# YOUR INSTRUCTIONS
What is needed is a word-for-word copy of the lines below from the one with "Situación que presentaba" through the one with "エコス所沢物流センター", both included, with every picture left out.

[GIVEN ENTRIES — start]

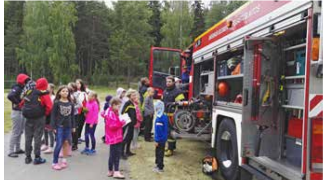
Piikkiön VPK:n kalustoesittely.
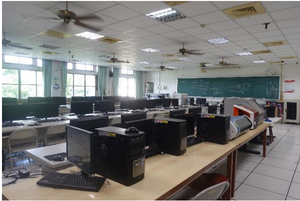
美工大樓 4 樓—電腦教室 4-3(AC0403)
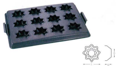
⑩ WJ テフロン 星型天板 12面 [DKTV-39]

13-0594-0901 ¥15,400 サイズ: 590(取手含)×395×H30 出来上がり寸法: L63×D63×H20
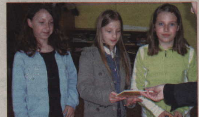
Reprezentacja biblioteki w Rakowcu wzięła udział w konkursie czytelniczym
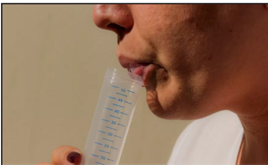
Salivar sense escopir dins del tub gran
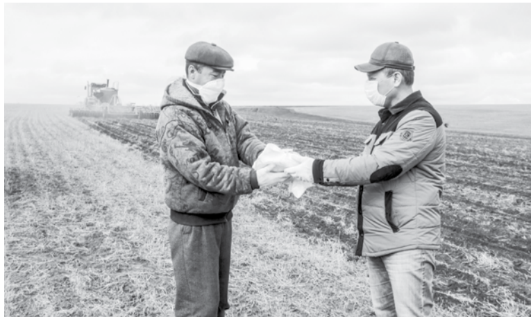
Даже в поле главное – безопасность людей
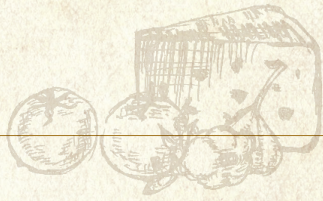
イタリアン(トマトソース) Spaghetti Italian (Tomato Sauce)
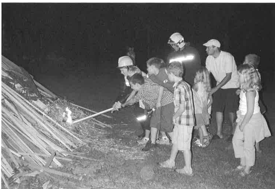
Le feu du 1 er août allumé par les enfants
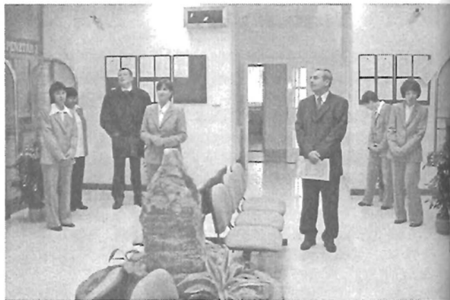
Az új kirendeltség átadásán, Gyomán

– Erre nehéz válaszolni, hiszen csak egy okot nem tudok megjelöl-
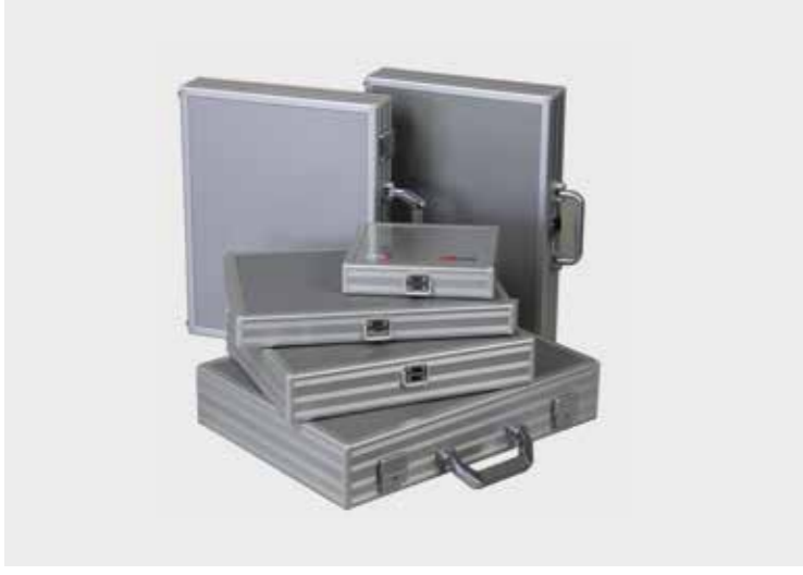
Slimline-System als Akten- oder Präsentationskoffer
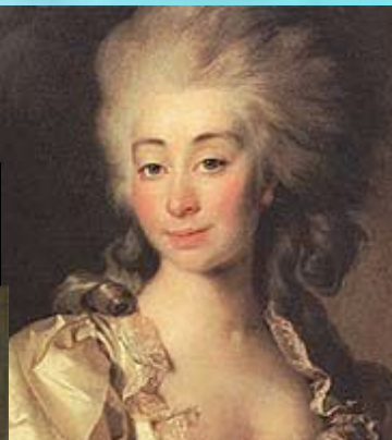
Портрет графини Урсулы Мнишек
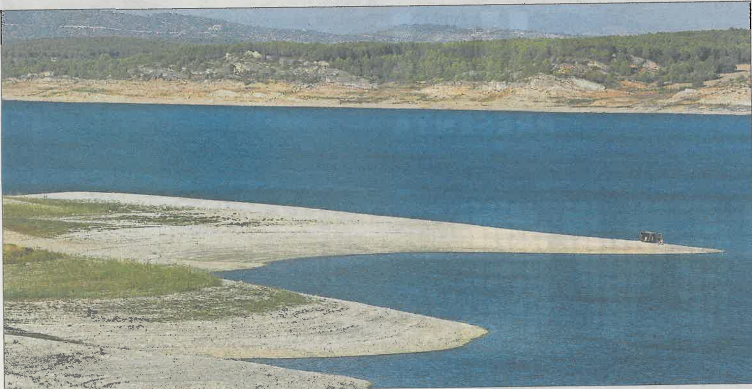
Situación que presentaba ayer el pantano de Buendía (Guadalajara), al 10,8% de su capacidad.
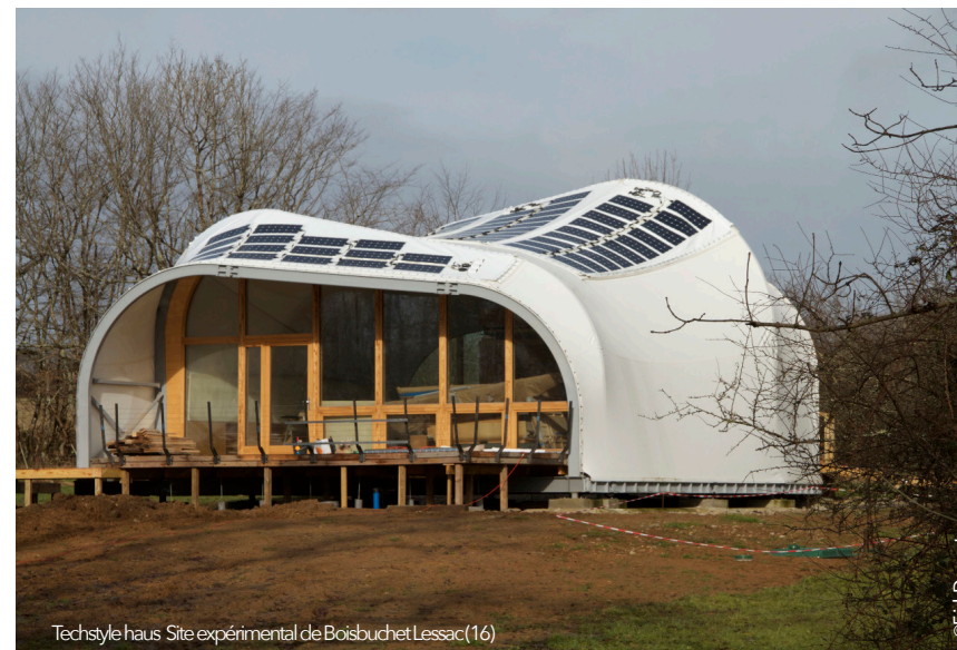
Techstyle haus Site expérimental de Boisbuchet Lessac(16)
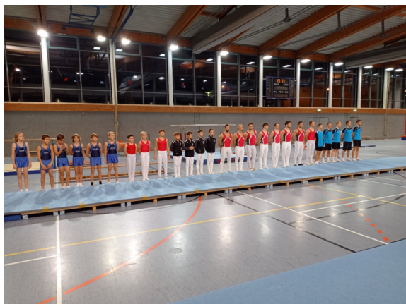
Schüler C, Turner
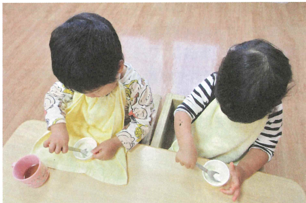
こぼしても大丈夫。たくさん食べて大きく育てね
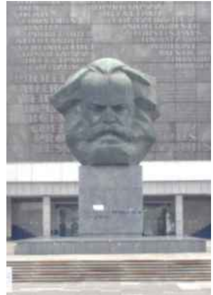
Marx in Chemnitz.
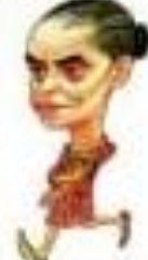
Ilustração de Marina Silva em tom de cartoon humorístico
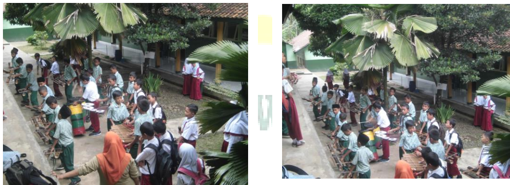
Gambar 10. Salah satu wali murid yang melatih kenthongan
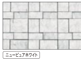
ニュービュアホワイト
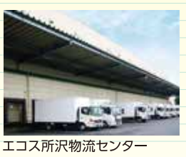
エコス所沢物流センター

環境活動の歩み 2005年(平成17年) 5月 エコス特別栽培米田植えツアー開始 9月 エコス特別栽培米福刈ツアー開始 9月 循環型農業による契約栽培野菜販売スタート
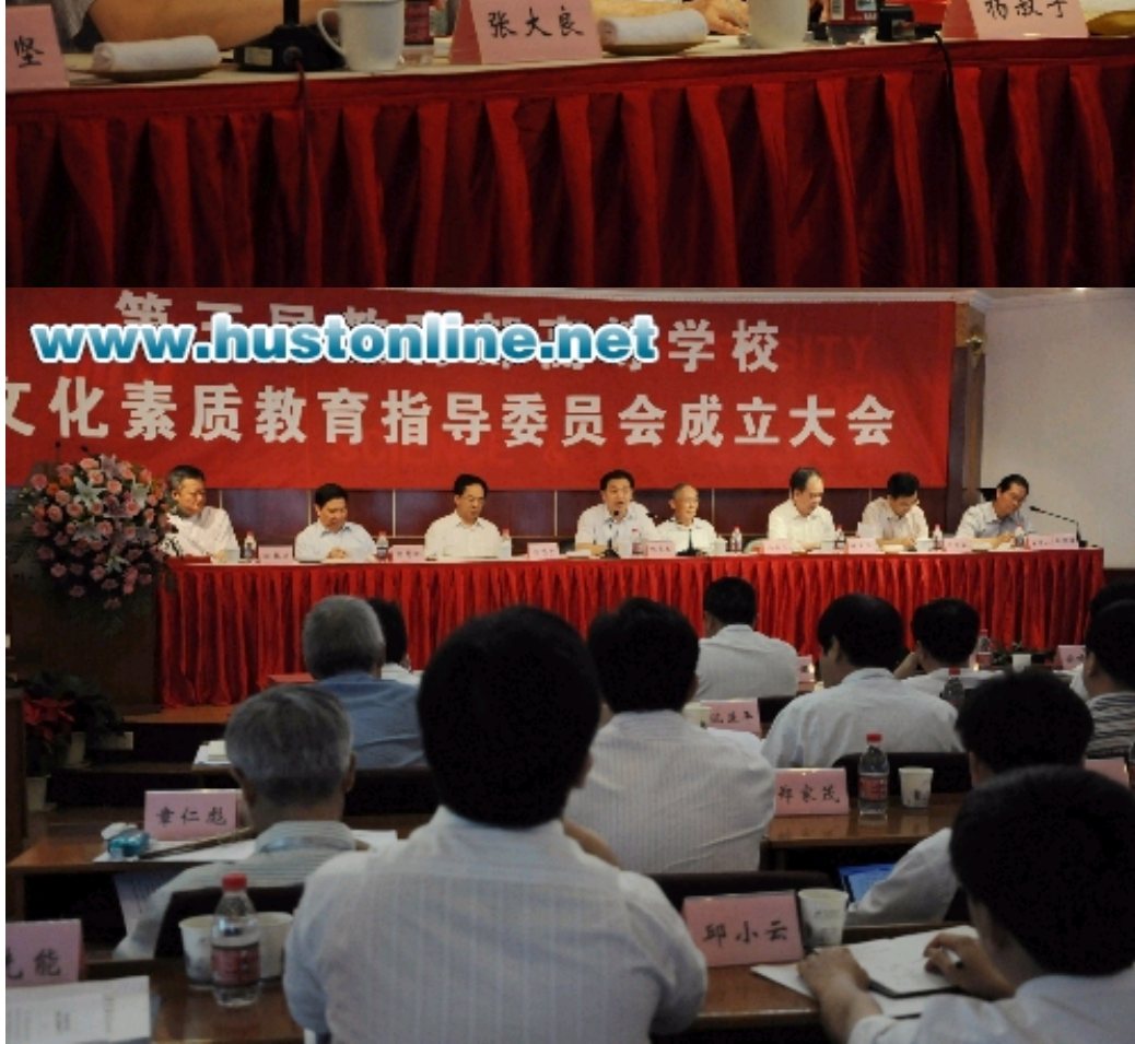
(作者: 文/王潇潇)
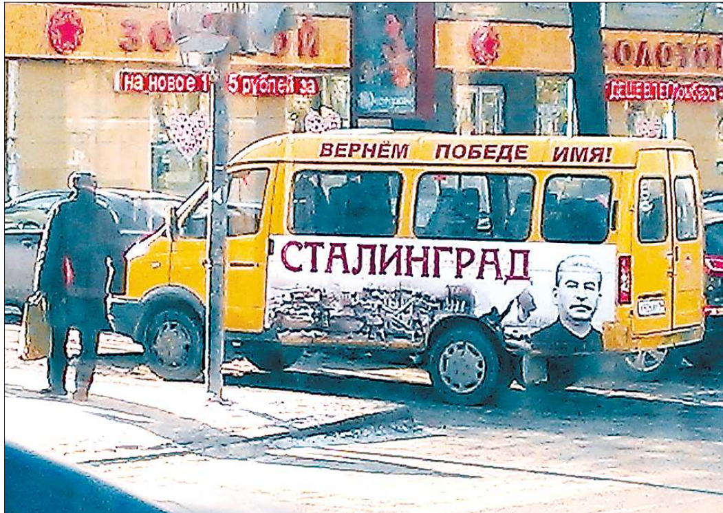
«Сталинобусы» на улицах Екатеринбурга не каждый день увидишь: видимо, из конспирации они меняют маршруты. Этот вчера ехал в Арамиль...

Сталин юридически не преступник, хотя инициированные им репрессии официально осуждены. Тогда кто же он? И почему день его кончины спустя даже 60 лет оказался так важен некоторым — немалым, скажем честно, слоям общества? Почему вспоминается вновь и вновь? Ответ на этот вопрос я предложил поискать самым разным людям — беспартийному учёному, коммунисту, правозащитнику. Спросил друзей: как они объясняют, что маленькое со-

[GIVEN ENTRIES — finish]

# SOLUTION TO THIS TASK
Situación que presentaba ayer el pantano de Buendía (Guadalajara), al 10,8% de su capacidad.
Techstyle haus Site expérimental de Boisbuchet Lessac(16)
Schüler C, Turner
こぼしても大丈夫。たくさん食べて大きく育てね
Marx in Chemnitz.
Ilustração de Marina Silva em tom de cartoon humorístico
Gambar 10. Salah satu wali murid yang melatih kenthongan
ニュービュアホワイト
エコス所沢物流センター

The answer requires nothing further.